[Start of Attachment]
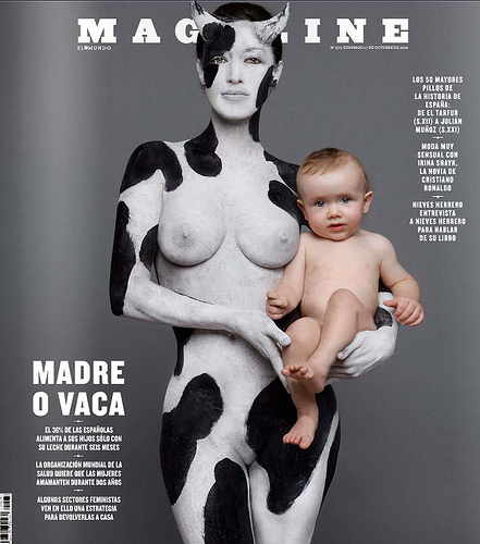 Het Spaanse tijdschrift El Mundo zorgde voor ophef met het artikel ‘Madre o vaca?’ Hevig gehinderd door mijn gebrek aan kennis van de Spaanse taal, maar een eind op weg geholpen door de foto, werd het mij duidelijk dat dit artikel níet pro-borstvoeding is.
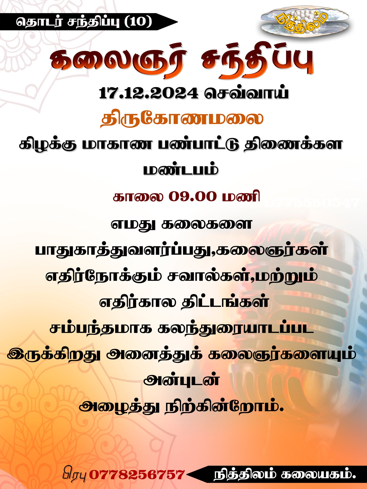 பத்தாவது கலைஞர் சந்திப்பு 17.12.2024 அன்று காலை 9 மணியளவில் திருகோணமலையிலுள்ள கிழக்கு மாகாண பண்பாட்டுத் திணைக்கள மண்டபத்தில் நடைபெற்றது. கலைஞர்கள் கருத்துகள் கேட்டறியப்பட்டது.
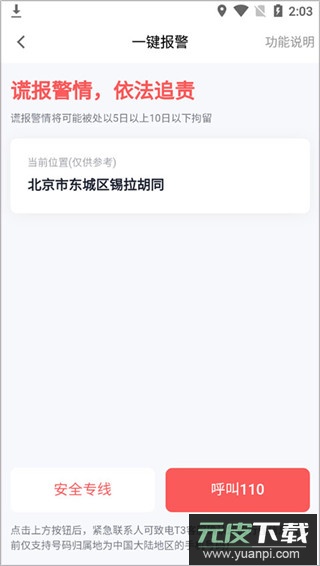 3、内置一键报警功能,提升单人出行时的安全保障;
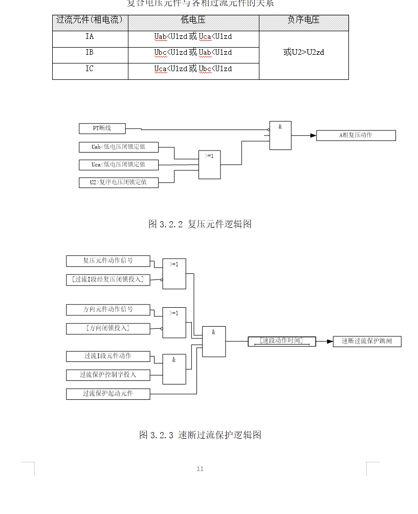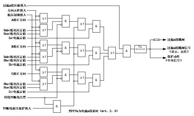 裝置設(shè)有速斷、限時(shí)、常規(guī)過流的三段式帶低壓閉鎖的電流方向保護(hù),各段電流及時(shí)間定值可獨(dú)立整定,通過分別設(shè)置整定控制字控制這三段保護(hù)的電壓元件、方向元件的投退。
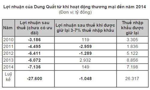 Tuy nhiên, khoản ưu đãi giữ lại thuế nhập khẩu đã giúp gánh bớt lỗ cho Dung Quất, khi đơn vị này chỉ còn lỗ 1.300-3.000 tỷ đồng vào năm 2011 và 2012, trước khi hạch toán lãi gần 3.000 tỷ vào năm 2013 nhờ được giữ lại tới 8.856 tỷ đồng.
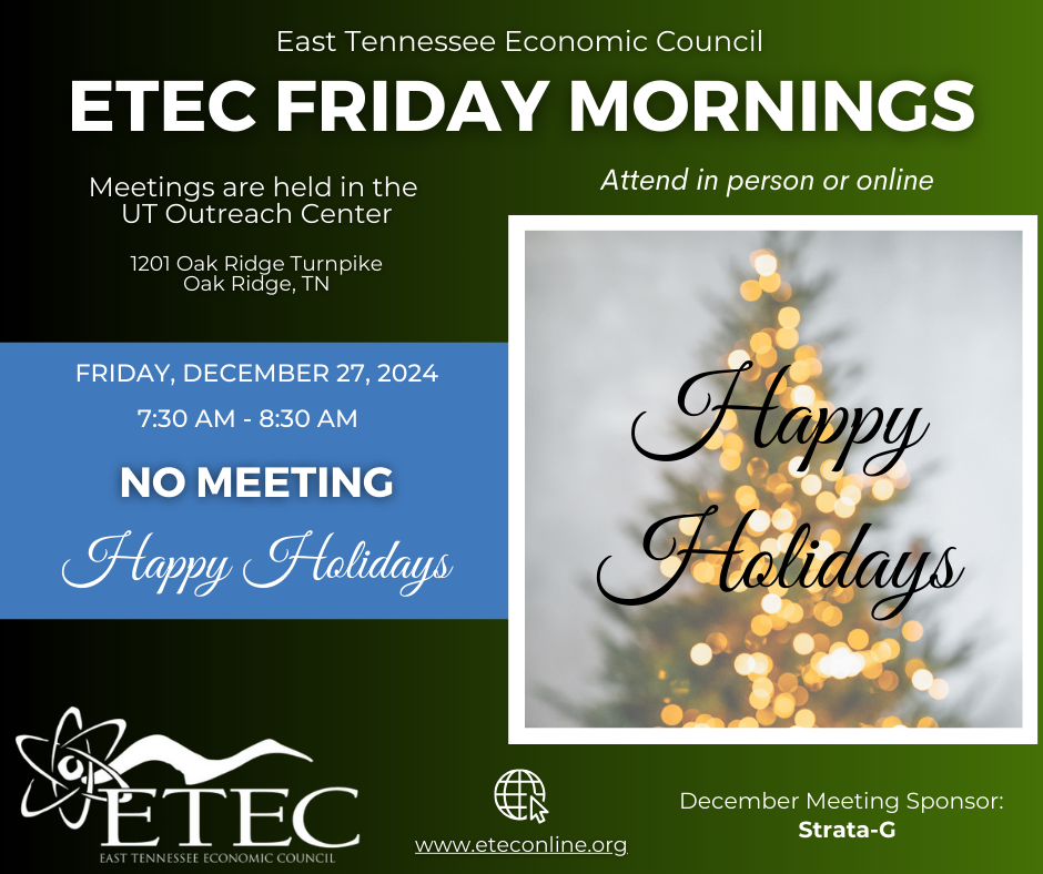 ETEC will not meet on Friday, December 27, in honor of the Holidays. See you next year, on Friday, January 10, 2025.
[End of Attachment]
Give the lines from the one containing "裝置設(shè)有速斷、限時" through the last line of the material again, exactly and with no pictures, both ends included.

• [The answer]:
 裝置設(shè)有速斷、限時(shí)、常規(guī)過流的三段式帶低壓閉鎖的電流方向保護(hù),各段電流及時(shí)間定值可獨(dú)立整定,通過分別設(shè)置整定控制字控制這三段保護(hù)的電壓元件、方向元件的投退。
 Tuy nhiên, khoản ưu đãi giữ lại thuế nhập khẩu đã giúp gánh bớt lỗ cho Dung Quất, khi đơn vị này chỉ còn lỗ 1.300-3.000 tỷ đồng vào năm 2011 và 2012, trước khi hạch toán lãi gần 3.000 tỷ vào năm 2013 nhờ được giữ lại tới 8.856 tỷ đồng.
 ETEC will not meet on Friday, December 27, in honor of the Holidays. See you next year, on Friday, January 10, 2025.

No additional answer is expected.